BBC Radio 3, 26 June 2012
Oliver (Bill Nighy) is in a bad way. Having lost his job as a lawyer
after twenty-three years, he is quite literally at his wits' end, and decides to take refuge up a tree in a private residents'
garden. Desperate to see Jo, the love of his life (Amelia Bulmore), he will not contemplate coming down until he sees her;
and even then, his future prospects seem bleak, to say the least.
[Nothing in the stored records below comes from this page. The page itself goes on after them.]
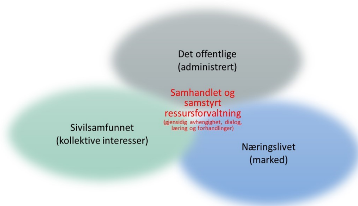
Figur 1: Tre prinsipielle ressursfordelingsmekanismer i

Det offentlige håndterer ressurser hvor man vil ha en administrativ kontroll på forvaltningen, næringslivet har en markedslogikk (verdibasert bytte) og sivilsamfunnet har en ressurslogikk ut fra ulike typer kollektive interesser. I dag ser vi at det er endringer i disse logikken ved at man synes å ha nådd kapasitetsgrense for administrert ressursfordeling og næringslivet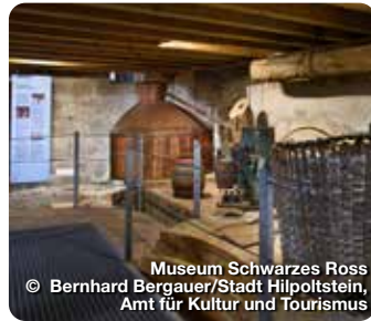
Museum Schwarzes Ross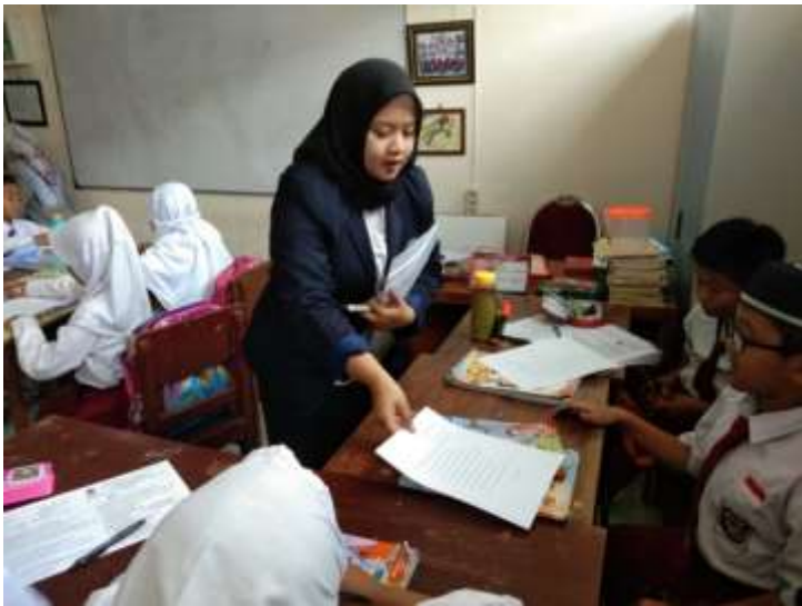
Kegiatan Menyampaikan Hasil Kerja Siswa Secara Berpasangan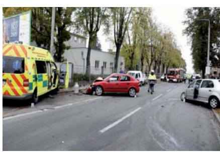
PŘI HAVÁRII byl poškozen sloup trolejového vedení, šest aut a optický kabel, vznikla škoda za 450 tisíc.

Pardubice - Ve čtvrtek kolem 15. hodiny havarovalo před krajskou nemocnicí šest aut a zhruba na dvě hodiny naprosto znepříjemnilo Kyjevskou ulici. Sanita VW Transporter, jedoucí po hlavní silnici se zapnutými výstražnými světly a houkačkou k naléhavému případu, se tu střetla se Škodou Fabii 51leté řidičky, vjíždějící na hlavní komunikaci. Sanita byla nárazem odhazena na sloup trolejového vedení, který poškodila. Následně ještě narazila do zaparkovaného vozu Opel Astra, který spustil dominový efekt - vrazil do Peugeotu Partner a ten zase do Fordu Mondeo. Při nehodě byla zraněna řidička fabie. (rz)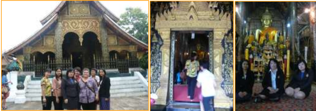
ด้านหน้าพระอุโบสถ

เมื่อเดินเข้าต่อมาที่ประตูพระอุโบสถจะสะดุดตากับลวดลายแกะสลักอันสวยงามเช่นเดียวกับที่หน้าต่าง ผนังภายในก็สวยงามด้วยลวดลายปิดทองฉลุลิบนพื้นรักสีดำ เล่าเรื่องพุทธประวัติพระสุธนมโนราห์ ทศชาติชาดกและภาพนิทานเพื่อนบ้าน ลึกเข้าไปคือพระประธานซึ่งมีชื่อว่า “พระองค์หลวง”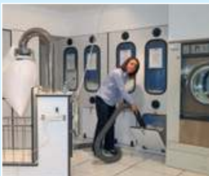
Herstellung, Umarbeitung, Neubezug und Auffüllung Ihrer Bettwaren im einzigen Federatelier Kölns mit modernsten Maschinen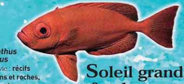
Soleil grand fond Priacanthus arenatus Famille : Priacanthidae Lieu de vie : récifs coralliens et roches, en profondeur Technique de pêche : casiers, ligne Saison de pêche : toute l'année Taille courante : 20 cm Réglementation : taille supérieure à 10 cm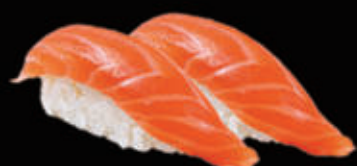
21. Nigiri di salmone € 3,00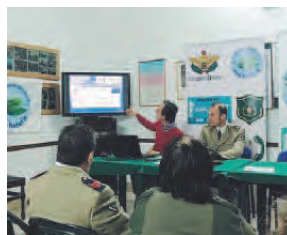
L'INCONTRO La sede barese dei Rangers

Le segnalazioni non hanno riguardato, però, solo il demanio marittimo, ma anche rifiuti ed igiene urbana, abbandono abusivo dei rifiuti,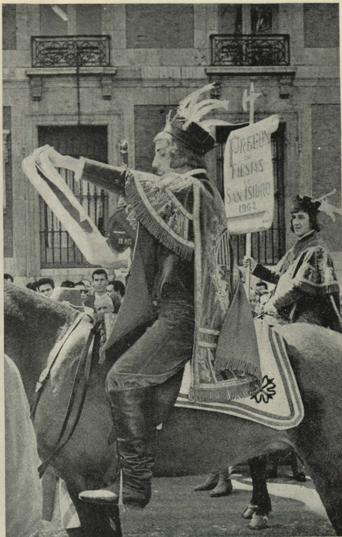
En la Puerta del Sol, un heraldo lee el pregón de las fiestas de San Isidro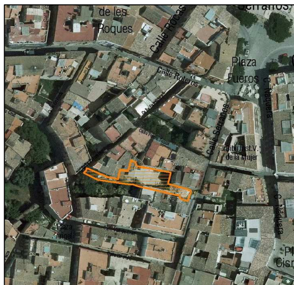
Foto aérea 2008 SIGESPA con ámbito arqueológico propuesto o refugio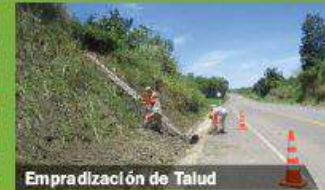
Empradización de Talud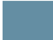
614 Adriatic Blue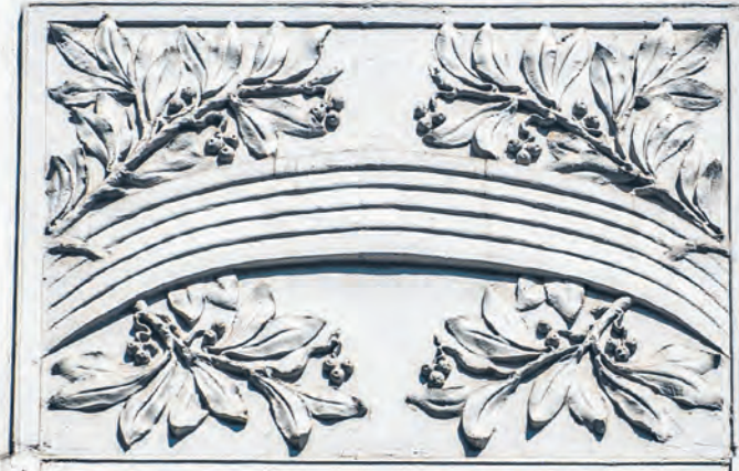
Detal architektoniczny kamienicy przy ul. Próchnika 15

ŁÓDŹ.pl DLA SENIORA | DLA RODZIN | DLA KOCHAJĄCYCH ŁÓDŹ

Pauline Harris' production looked at the male mid-life crisis, focusing on a man
who appeared to have it all, and then gives it away. Oliver won a substantial amount in the National Lottery, distributed
it to a variety of causes, both good and bad, and now has nothing. His relationship with Jo founders on his inability
to say what he really thinks. This is not really his fault: ever since he was a child, Oliver has been tormented by the experience
of seeing his mother go insane. Although some well-meaning residents (Brigit Forsyth, Maggie Fox) try to help him, the
only person who can really make a difference is Oliver himself. He has to overcome his hang-ups and try and win Jo's love
While the plot of this Afternoon Drama is a familiar one, it was rendered
compelling through Nighy's performance; throughout his career he has become adept at portraying mentally tortured souls, and
he did not disappoint here. There was really no other way for him to deal with his neurosis other than to return to his childhood
days and seek refuge from the world up a tree.